Pistes de recherches avec les archives et documents russes à fouiller, l’accès aux archives militaires et des cadastres en Turquie toujours clos. L’Histoire sociale et internationale du Génocide arménien est encore à creuser. Le rôle des Arméniens dans l’économie ottomane du 19è siècle. L’autonomisation de la recherche par rapport à la politique en ce qui concerne la Turquie et l’Arménie en remettant en question le discours officiel et négationniste. La désacralisation de 1915 en allant au-delà des dichotomies dominant/dominé, bourreau/victime, vainqueur/vaincu, soumis/maitre.
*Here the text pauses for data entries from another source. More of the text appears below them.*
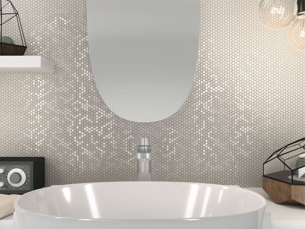 - Плитка под мозаику. Представляет собой цельное изделие с мозаичным рисунком с прорезями. Плитка под мозаику является более бюджетным вариантом, внешне ничем не отличающимся от оригинала.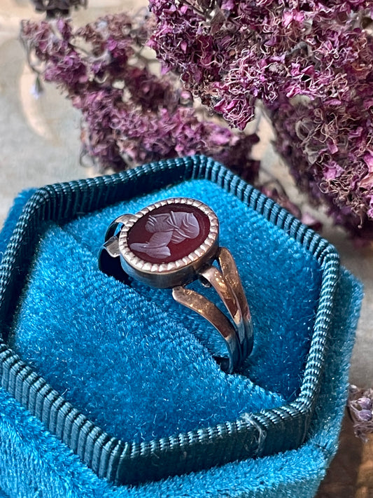 Squisito anello con cammeo neoclassico in agata bianca, epoca vittoriana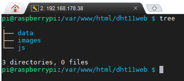 sudo mkdir dht11web cd dht11web sudo mkdir data sudo mkdir js sudo mkdir images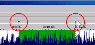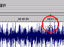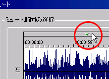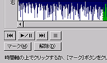 もうひとつの方法が、試聴中に[マーク]ボタンをクリックする方法です。試聴方法に関しては後ほど説明しますが、試聴を行っている途中に、試聴用の操作ボタンの下にある[マーク]ボタンをクリックすると、クリックした時点で再生されていた位置(点滅する縦線のあった位置)に、選択箇所が指定されます。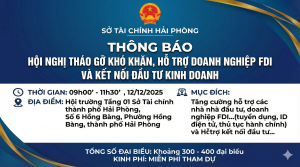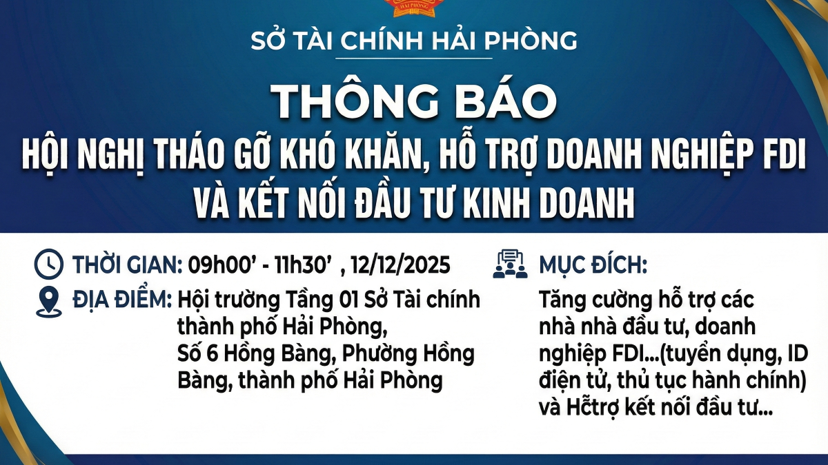 Sở Tài chính Hải Phòng trân trọng thông báo tới quý nhà đầu tư/doanh nghiệp về việc tổ chức Hội nghị tháo gỡ khó khăn, hỗ trợ doanh nghiệp FDI trong quá trình hoạt động sản xuất và kết nối đầu tư năm 2025. Chương trình hội nghị cụ thể như sau: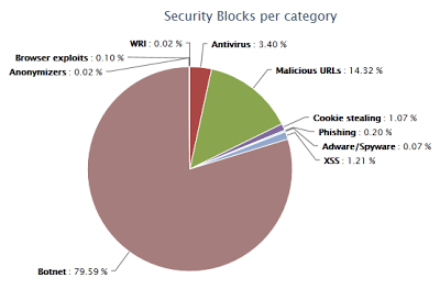 One of the question I often get asked is "What is the most prevalent threat on the Internet for the enterprises?". In terms of the total number of transactions, botnets are the biggest security risk. Once a host gets infected, the botnet usually spreads quickly within an enterprise. It also generates a significant amount of traffic to the command and control server, to download additional malware or perform other actions. For the last 30 days, botnets account for almost 80% of the security blocks at Zscaler.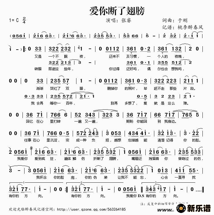 张睿演唱的爱你断了翅膀歌词,爱你断了翅膀简谱.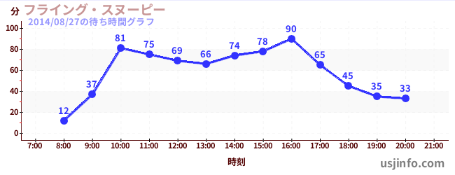 • フライング・スヌーピー$B$N(B2014年08月27日の待ち時間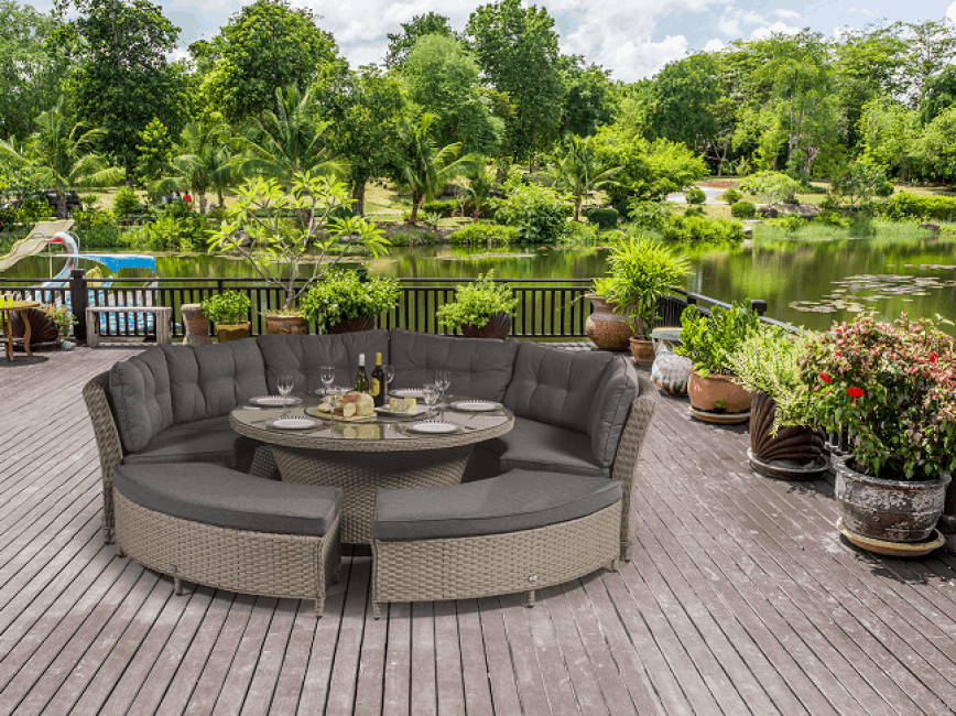 Our comfy cushioned lounge sets will be a conversation piece and make an excellent dining set too with rattan one of our most popular finishes. Have a quiet lunch alone or with family or entertain friends with garden dining sets suited to any garden and any occasion. Whether you have a garden set to lawn a patio or a deck our garden furniture will fit your space.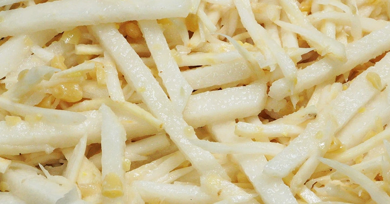 무는 껍질을 벗겨 가늘게 채 썬다. 소금을 약간 뿌려 10분 정도 절인 뒤 손으로 살짝 짜 수분을 제거한다. 이 과정을 거치면 무의 아삭함이 살아나고, 양념이 묽어지는 것을 막을 수 있다. 배는 껍질과 씨를 제거한 뒤 가늘게 채 썬다. 배는 갈변이 빠르므로 가장 마지막에 손질하는 것이 좋다. 필요하면 레몬즙을 몇 방울 떨어뜨려 색 변화를 막는다.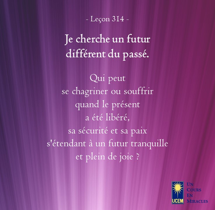 LEÇON 314 Publié le 9 novembre 20253 novembre 2025 par Au delà du perçu ! Je cherche un futur différent du passé. https://lecons.acim.org/fr/chapters/lesson-314 Partager : Partager sur Facebook(ouvre dans une nouvelle fenêtre) Facebook Email a link to a friend(ouvre dans une nouvelle fenêtre) E-mail Imprimer(ouvre dans une nouvelle fenêtre) Imprimer J’aime chargement… Similaire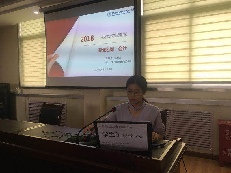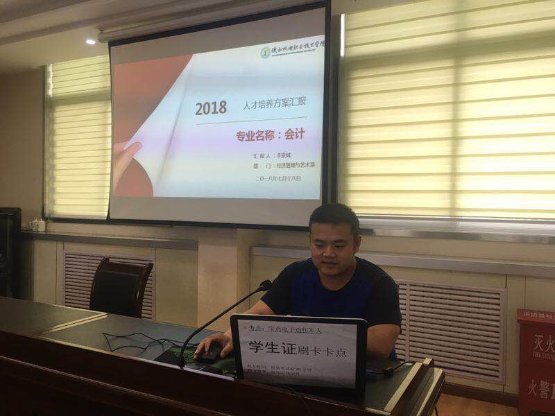 2018年7月18日,经济管理与艺术系的沈桂名、李豪斌、姚颖骏、严立琼参加了公司举办的《2018年人才培养方案》汇报和评审会议,分别进行了《会计》(三年)、《会计》(五年)、《高速铁路客运乘务》(三年)、《高速铁路客运乘务》(五年)的人才培养方案汇报,经过各位老师的辛勤工作,顺利完成了汇报工作。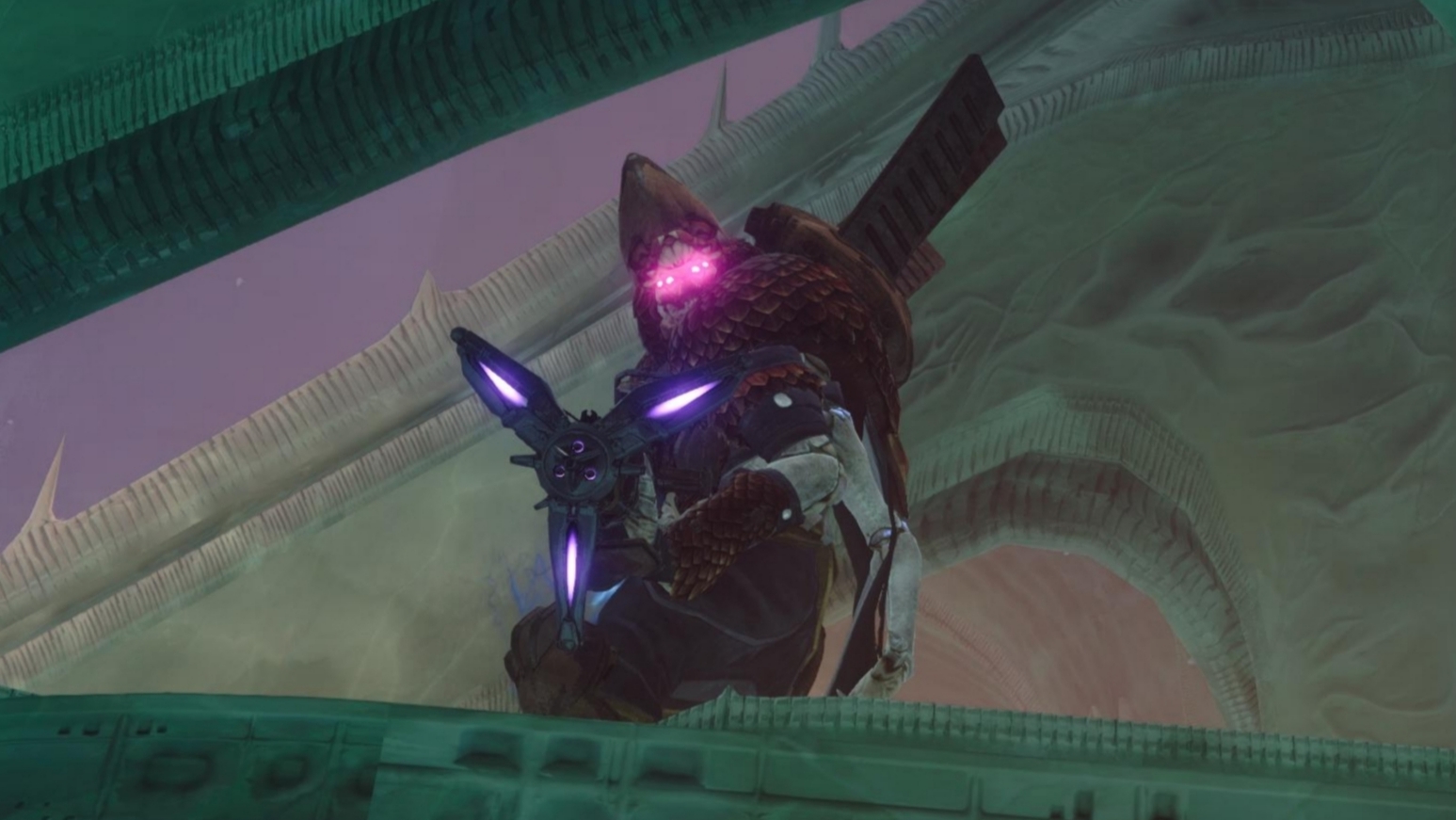 This image is a screenshot of a character or AI unit from the Destiny series of first-person shooter video games developed by Bungie Studios and published by Bungie or Activision. It falls under the screenshot category for a copyrighted computer game or video game, and the copyright for it is most likely held by the company that developed the game. It is believed that the use of a limited number of web-resolution screenshots:

Lors du colloque fascinant et riche en contenu, il n’y avait pas de débat sur « l’appellation » de 1915. Tout est là, c’est bel et bien un génocide. Tout est déjà dit dans l’œuvre de l’historien britannique Arnold Toynbee : « Les déportations furent délibérément conduites avec une brutalité calculée pour provoquer le maximum de victimes en route. Là est le crime ; et l’étude que j’y consacrai laissa dans mon esprit une impression qui ne fut pas effacée par le génocide commis avec encore plus de sang-froid, et sur une plus grande échelle, pendant la Seconde Guerre mondiale par les Nazis ».

Les historiens ne sont ni des procureurs, ni des donneurs de leçon. Ils posent simplement les faits, les mémoires, les témoignages, les analyses, les historiographies qui nous permettent de comprendre le comment, le pourquoi, l’avant, le pendant et l’après « du crime des crimes » qu’est un génocide.